Heterogeneity of diagnostic algorithms for laboratory testing

Inaccurate definition of reference ranges[6] of several hemostasis parameters in certain clinical conditions (e.g., pregnancy)

Identification and rapid reporting of “true” critical values[6]

Communication of complete clinical information about the patient's history and condition

Correct interpretation of laboratory test results by synopsis of patient history, symptoms, and laboratory findings

Integration of clinicians into laboratory issues and, vice versa, participation of laboratorians in clinical activities (e.g., attending ward rounds, mutual consultations)

Assessment of clinical outcome through laboratory testing and feedback to the laboratorian

Implementation of “integrated” cost analysis (and reimbursement), i.e., cost per hospital stay and total patient care, not cost per reported result

Training programs of medical students and continuing medical education (CME) of clinicians and laboratory staff in hemostasis and thrombosis

Implementation of ISTH core curricula for clinical[73] and laboratory[74] hemostasis and thrombosis specialists

Abbreviation: ISTH, International Society on Thrombosis and Haemostasis.


An article by Kemkes-Matthes is underway, reporting on various scenarios and settings that illustrate to which extent missing or incomplete clinical information can bias laboratory hemostasis testing or cause misinterpretation of assay results.[59] It should be emphasized that laboratory order forms structured according to different clinical settings (e.g., bleeding or thrombotic diathesis, preoperative screening, monitoring of antithrombotic treatment) may be useful tools. However, such forms cannot compensate for proper communication at the laboratory–clinical interface or replace mutual consultations between clinicians and laboratorians.


#

Point-of-Care or Near-Patient Testing of Hemostasis

In response to the centralization of medical laboratories, their “factory” performance and “insular” existence, and, in particular, in response to the more and more increasing dichotomy and diversity between the “clinical world” and the “laboratory world,” a new generation of point-of-care testing (POCT) or near-patient testing (NPT) instruments has been developed in recent years. These easy-to-use analytical devices are applied for screening of global hemostasis (e.g., thrombelastography), coagulation and fibrinolysis disorders (e.g., ROTEM), and/or platelet function (e.g., PFA-200; VerifyNow System; Multiplate Electrode Aggregometry; Impact Cone and Plate Analyzer) in the emergency, intensive care, perioperative or interventional, and even outpatient setting.[60] [61] [62] [63] [64] [65] [66] [67] Application of POCT reduces turnaround times, thereby facilitating rapid availability of screening results that in turn can enable prompt diagnostic or interventional decisions.
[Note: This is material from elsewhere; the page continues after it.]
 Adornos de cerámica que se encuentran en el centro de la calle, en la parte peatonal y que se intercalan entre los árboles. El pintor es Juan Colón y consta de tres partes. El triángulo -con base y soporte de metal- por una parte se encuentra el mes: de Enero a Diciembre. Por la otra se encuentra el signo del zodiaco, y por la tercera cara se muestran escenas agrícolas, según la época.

In fact, NPT under laboratory governance can bridge the gap between bedside patient care and laboratory medicine. However, stringent quality control management of POCT instruments and assays is a relevant concern,[61] and most laboratorians consider POCT as an “alien” or “dangerous alternative” to traditional laboratory medicine in a core facility.[1]


#

Adaptation of the Brain-to-Brain Loop Concept on Centralized Hemostasis Testing

In accord with the traditional brain-to-brain loop concept, the much-invoked synopsis of patient history, symptoms, selection of hemostasis tests or test panels, analysis, and test result interpretation was easier to achieve under guidance of an experienced clinical specialist in hemostasis and thrombosis, who had also responsibility of the hemostasis core laboratory. Unfortunately, this personal union has become exceptional in most academic institutions. In fact, as discussed earlier, the structural and organizational dichotomization between clinical and laboratory responsibility represents a fracture of the original brain-to-brain loop model. Consequently, the traditional concept requires adaptation on centralized testing in hemostasis and thrombosis. Such an adaptation is shown in [Fig. 1]. The physician depicted in the center acts as hemostasis and thrombosis consultant and has to fulfill several crucial tasks by:

  1. Defining (or confirming) a precise clinical question addressed to the centralized laboratory.

  2. Selecting appropriate tests (or test panels).
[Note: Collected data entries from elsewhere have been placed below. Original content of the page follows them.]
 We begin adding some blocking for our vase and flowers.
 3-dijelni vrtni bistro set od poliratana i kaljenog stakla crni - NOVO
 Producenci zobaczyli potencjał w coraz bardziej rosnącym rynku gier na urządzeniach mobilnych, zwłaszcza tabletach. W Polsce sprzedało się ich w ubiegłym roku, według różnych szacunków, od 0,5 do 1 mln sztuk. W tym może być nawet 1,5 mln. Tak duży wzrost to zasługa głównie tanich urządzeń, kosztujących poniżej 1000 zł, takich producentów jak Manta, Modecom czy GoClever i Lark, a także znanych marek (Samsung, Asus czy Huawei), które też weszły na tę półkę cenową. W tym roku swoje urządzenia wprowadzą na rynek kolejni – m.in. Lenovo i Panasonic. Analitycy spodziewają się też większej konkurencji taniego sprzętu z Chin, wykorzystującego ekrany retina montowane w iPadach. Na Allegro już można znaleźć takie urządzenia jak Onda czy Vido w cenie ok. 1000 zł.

  3. Providing the earlier-indicated synopsis of patient-related features and assay results to allow correct interpretation of test results (or extend laboratory investigations if indicated according to staged protocols or algorithms).

  4. Initiating a corresponding or problem-oriented clinical action (diagnostic and/or therapeutic management).

  5. Evaluating the clinical outcome.

These comprehensive tasks will require long-standing expertise in hemostasis and thrombosis to bridge the currently existing gap between the clinical and laboratory world. Conversely, with regard to laboratory professionals, to regain their relevant role in diagnostics and fulfill their original mission, laboratory medicine and laboratorians need to be integrated (or reintegrated) into patient care pathways.[1] However, it is evident that these demands describe conditions that will require a paradigmatic change. It remains to be seen whether or not such a change will occur.


#

Distorted Economics by Inappropriate Testing in Centralized Laboratories

To the author's knowledge, no study exists in which the real economic overall effect of hemostasis testing in a centralized medical laboratory has ever been evaluated or, at least, estimated reliably. Such an analysis would strictly require to include and carefully assess the expenditures of unnecessary or unwarranted laboratory test orders, false-positive or false-negative test results (due to preanalytical, analytical, or postanalytical errors), as well as subsequent costs arising from prolonged hospital journeys or unfavorable clinical outcome.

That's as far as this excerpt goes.